Ho visto un ottimo giovane fare una telecronaca dando respiro a Marco Seno, a dimostrazione del fatto che il TdS può essere anche culla di sogni para-cestistici e – perché no? – magari l’inizio di una carriera professionale.

Ho visto mestrini venire e ritornare una seconda sera, perché il basket, i gadgets, le birre, lo speaker, la musica e i premi tutto insieme non si trovano mica dappertutto nel cuore dell’estate.

Ho visto soprattutto la soddisfazione sui volti dei membri del Comitato: anche loro, pur se non lo ammetteranno mai, non erano certi di riuscirci quest’anno. La pandemia ha provato tutti e rallentato persino una macchina quasi perfetta come la nostra, che ha avuto bisogno dell’entusiasmo e dell’energia di nuovi innesti, oltre che degli ottimi addetti al bar, per mettere in piedi quello che, a tutti gli effetti, è un ‘main event’ dell’estate lagunare.

Mi fermo, perché l’elencazione estrema risulterebbe tautologica.
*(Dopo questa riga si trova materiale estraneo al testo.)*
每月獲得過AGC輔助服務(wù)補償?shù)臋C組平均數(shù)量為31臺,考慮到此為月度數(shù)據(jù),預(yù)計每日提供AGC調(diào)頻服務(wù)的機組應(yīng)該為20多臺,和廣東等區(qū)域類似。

Però, se ripenso a Peter Vecsey che si figurava il TdS come ‘école de vie’ sui generis, forse non aveva così torto e ha fatto bene a portarci il pargolo, così come i tantissimi genitori che fanno fare le ore piccole al Pattinodromo a bambini che per il resto dell’anno crollano alle 20.30.
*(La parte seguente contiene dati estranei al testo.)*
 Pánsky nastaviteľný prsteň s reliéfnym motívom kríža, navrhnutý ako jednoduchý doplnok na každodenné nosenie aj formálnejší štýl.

L’ordinamento morale del Torneo è un insieme di agonismo, lealtà, rivalità, fedeltà e tanti altri nobili valori. Però, a differenza dei complessi gironi danteschi, è facilmente riassumibile in un concetto di fondo: più si partecipa più si è parte della manifestazione. Non serve giocare, a quello ci pensano i 72 migliori della pista, serve esserci.

Per noi ciò che conta davvero è che sia riemersa prepotente la consapevolezza che una città come Venezia, con tutte le sue magagne, non possa assolutamente fare a meno di questo barlume di autenticità che consumiamo gelosamente a mezza estate, come un sogno shakespeariano accompagnato dai tramonti sull’isola del Lazzaretto.

Mai come quest’anno la risposta è stata maiuscola almeno alla pari dell’organizzazione, dimostratasi un orologio svizzero anche a fronte delle canoniche difficoltà dovute alla serata di pioggia. Il vostro scriba posa la penna nell’attesa di schiudere nuovamente l’astuccio a luglio 2023: voi nel frattempo non nascondetevi e dichiaratevi se pensate di avere idee, energie e risorse per una manifestazione che non si è mai guardata indietro da quando è nata, per non rischiare mai la tentazione di tirare il freno.

Perché, nonostante si tratti di un leitmotiv oramai storico, possiamo assicuravi che NO XE FINÌA.